* Information supplied:
★ ★ ★
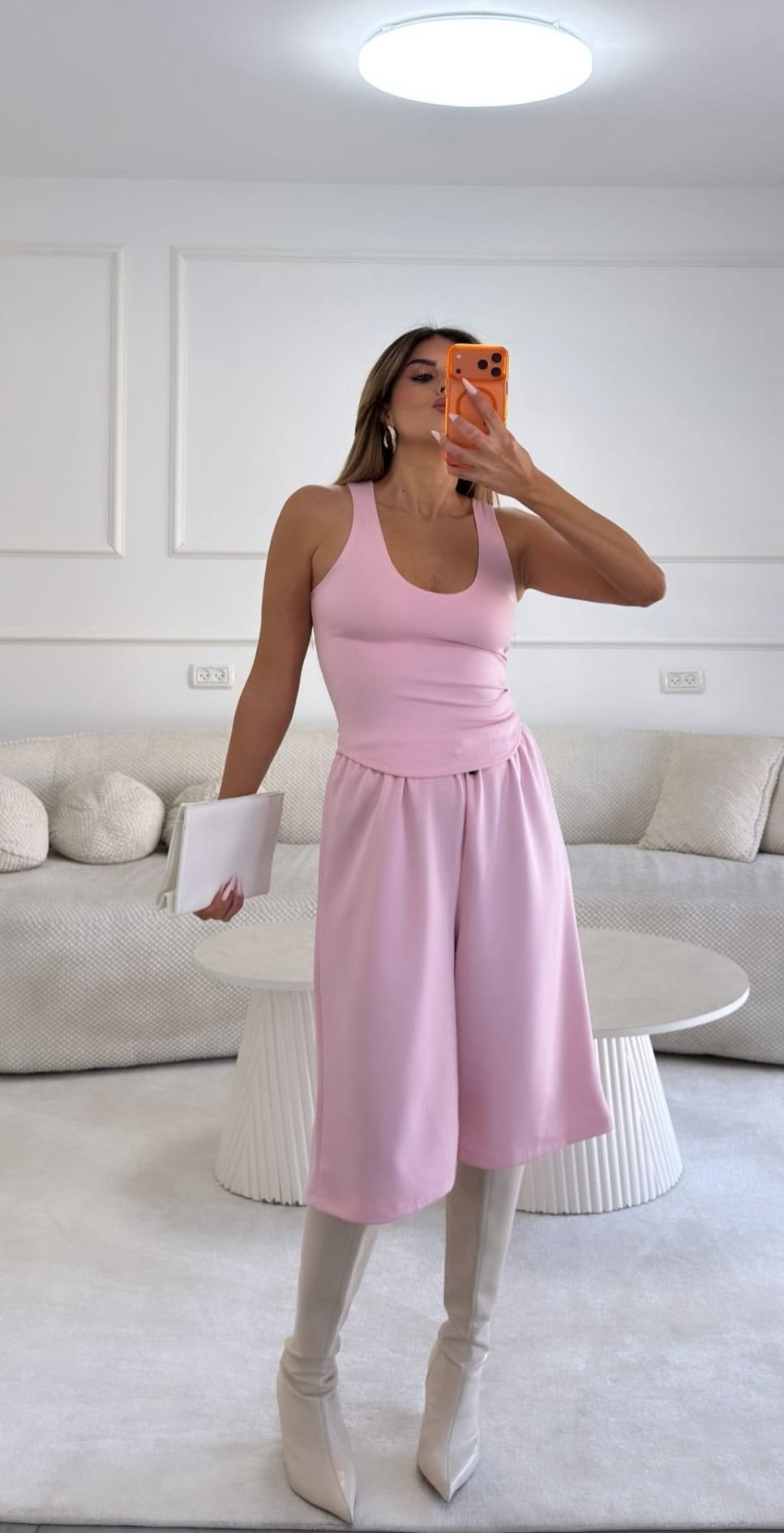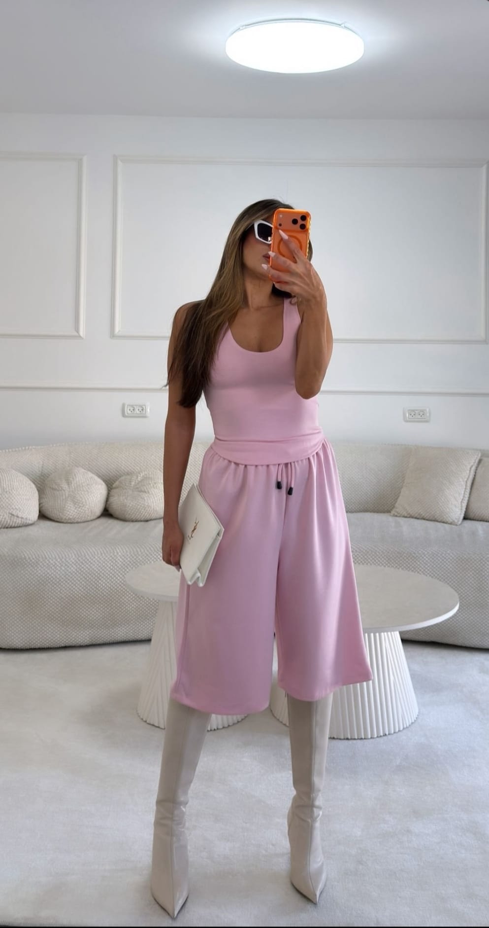 חליפת 2 חלקים מבד כותנה פרנץ טרי מכנסי ברמודה רחבים עם גומי במותן וגופיה תואמת עם כתפיות רחבות מידה: וואן סייז מתאימה עד מידה 42
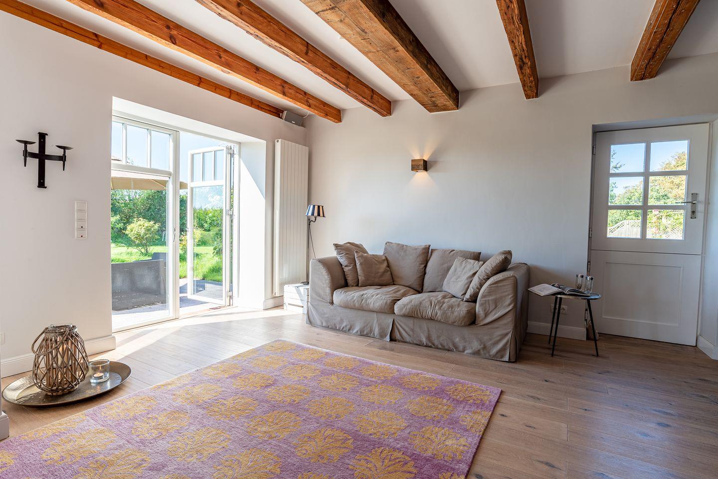 Exklusiver Ferienhausteil unter Reet mit eigener Sauna, Kamin und Gaskamin, sowie zwei eigenen Terrassen im sehr großzügigen, gemeinschaftlich genutzten Garten.
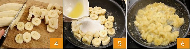 Now start on the filling: peel the bananas and cut them into slices about a quarter inch thick 4, place them in a pan with the butter, the juice of half a lemon, and 1.4 oz of sugar 5. Cook over medium heat until the bananas are soft and creamy 6.
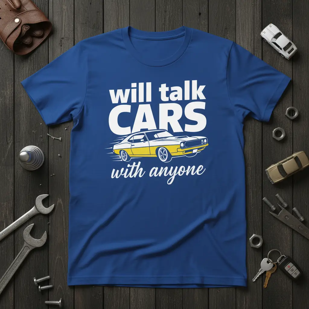 Will talk CARS with anyone, and this t-shirt is the perfect way to express that passion. Designed for the true automotive enthusiast, it boldly declares your love for all things cars. The striking graphic features a sleek retro car, symbolizing a shared appreciation for classic and modern vehicles alike. It’s more than just apparel; it’s a conversation starter for anyone who understands the thrill of the open road and the beauty of a well-engineered machine. This tee is crafted for comfort and durability, ensuring you can wear your automotive pride everywhere you go.
★ ★ ★
* Required work:
An exact copy of the listing is needed, minus its pictures.

* Exercise output:
 חליפת 2 חלקים מבד כותנה פרנץ טרי מכנסי ברמודה רחבים עם גומי במותן וגופיה תואמת עם כתפיות רחבות מידה: וואן סייז מתאימה עד מידה 42
 Exklusiver Ferienhausteil unter Reet mit eigener Sauna, Kamin und Gaskamin, sowie zwei eigenen Terrassen im sehr großzügigen, gemeinschaftlich genutzten Garten.
 Now start on the filling: peel the bananas and cut them into slices about a quarter inch thick 4, place them in a pan with the butter, the juice of half a lemon, and 1.4 oz of sugar 5. Cook over medium heat until the bananas are soft and creamy 6.
 Will talk CARS with anyone, and this t-shirt is the perfect way to express that passion. Designed for the true automotive enthusiast, it boldly declares your love for all things cars. The striking graphic features a sleek retro car, symbolizing a shared appreciation for classic and modern vehicles alike. It’s more than just apparel; it’s a conversation starter for anyone who understands the thrill of the open road and the beauty of a well-engineered machine. This tee is crafted for comfort and durability, ensuring you can wear your automotive pride everywhere you go.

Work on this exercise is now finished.